Empecamenta collaris

Scientific classification
- Kingdom: Animalia
- Phylum: Arthropoda
- Clade: Pancrustacea
- Class: Insecta
- Order: Coleoptera
- Suborder: Polyphaga
- Infraorder: Scarabaeiformia
- Family: Scarabaeidae
- Genus: Empecamenta
- Species: E. collaris
- Binomial name: Empecamenta collaris Moser, 1917

= Empecamenta collaris =

- Genus: Empecamenta
- Species: collaris
- Authority: Moser, 1917

Species of beetle

Empecamenta collaris is a species of beetle of the family Scarabaeidae. It is found in Cameroon and the Democratic Republic of the Congo.

==Description==
Adults reach a length of about 11 mm.
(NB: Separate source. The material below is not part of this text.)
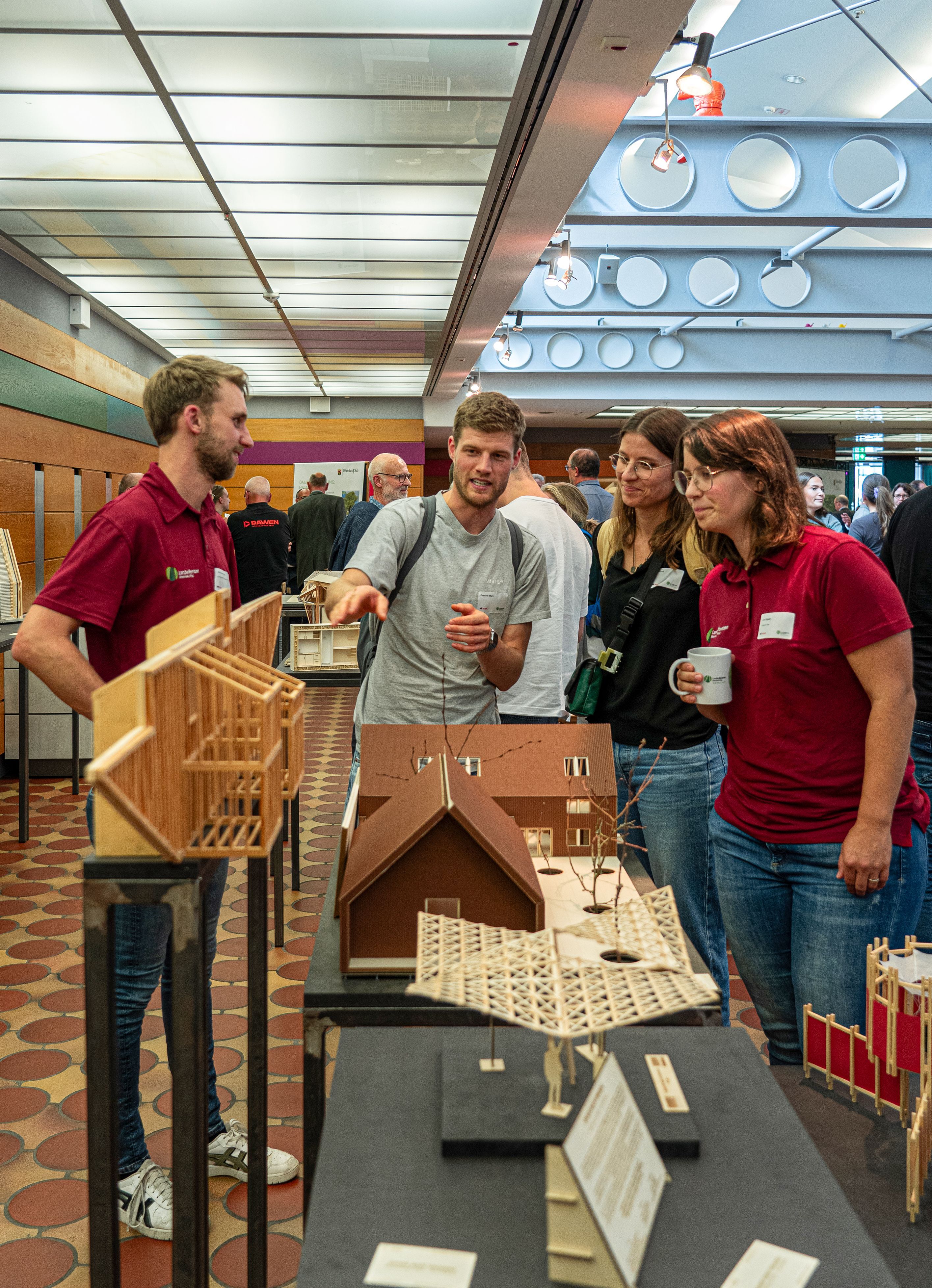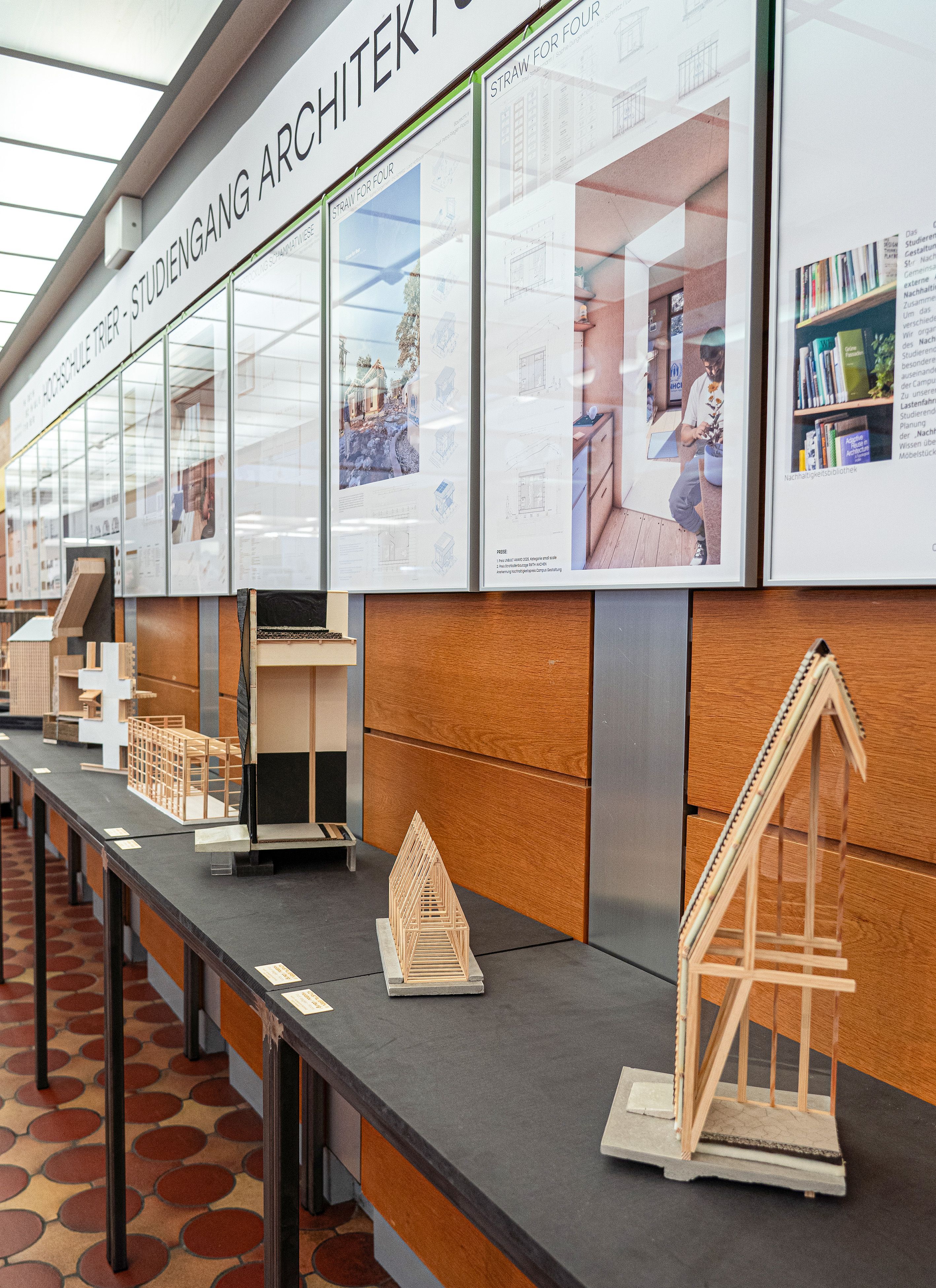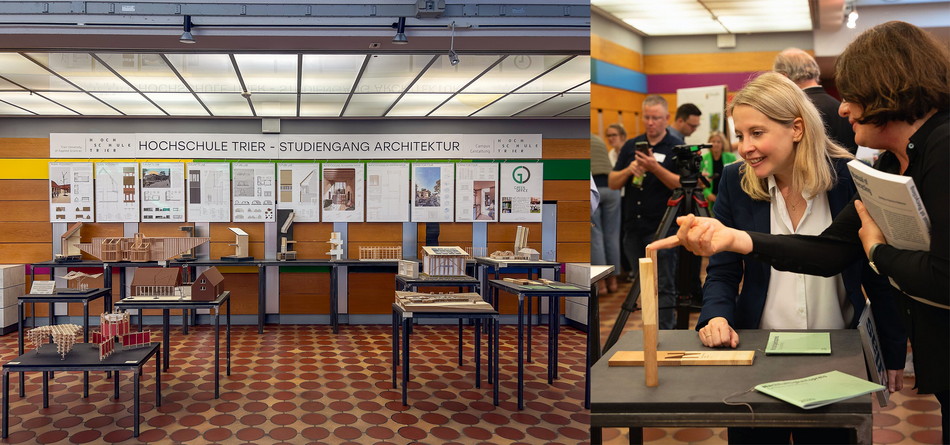 Der Studiengang Architektur des Campus Gestaltung war mit einer umfangreichen und regen besuchten Ausstellung von Studierendenarbeiten zum Thema Holzbau vertreten. Die Projekte zeigten anschaulich, wie sich der nachwachsende Rohstoff Holz konstruktiv, gestalterisch und kreislaufgerecht einsetzen lässt und welchen Beitrag Lehre und Forschung zur Weiterentwicklung nachhaltiger Bauweisen leisten.
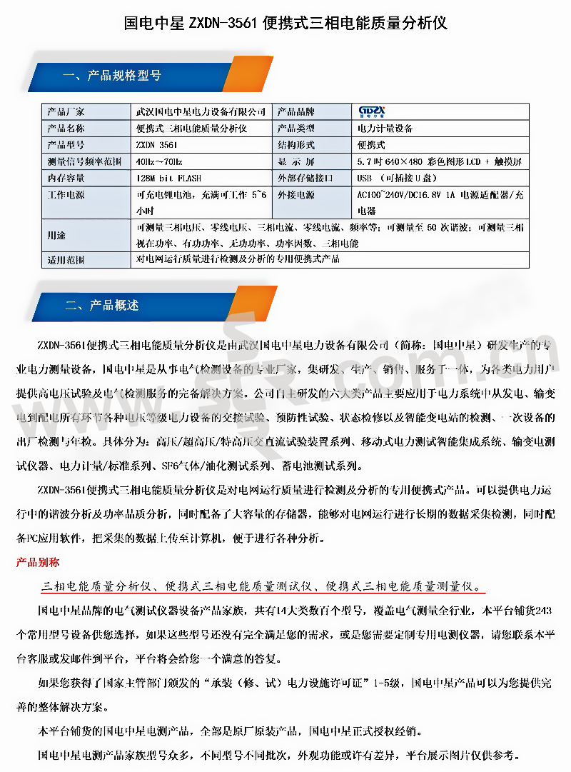 GDZX/国电中星 便携式三相电能质量分析仪 ZXDN-3561 测量交流电压电流和功率 1套

They are lighter or darker brown, with the head sometimes blackish. The head is coarsely punctate, the punctures with brown setae. The antennae are yellowish-brown. The pronotum is dull (but shiny next to the bands) and has punctures that are rather widely spaced and partly weak, partly strong. The stronger punctures, which are mainly located behind the anterior margin and next to the lateral margins, are covered with yellow hairs. The elytra are quite densely punctured and there are bristle-like yellow hairs arranged in rows, particularly along the lateral margins.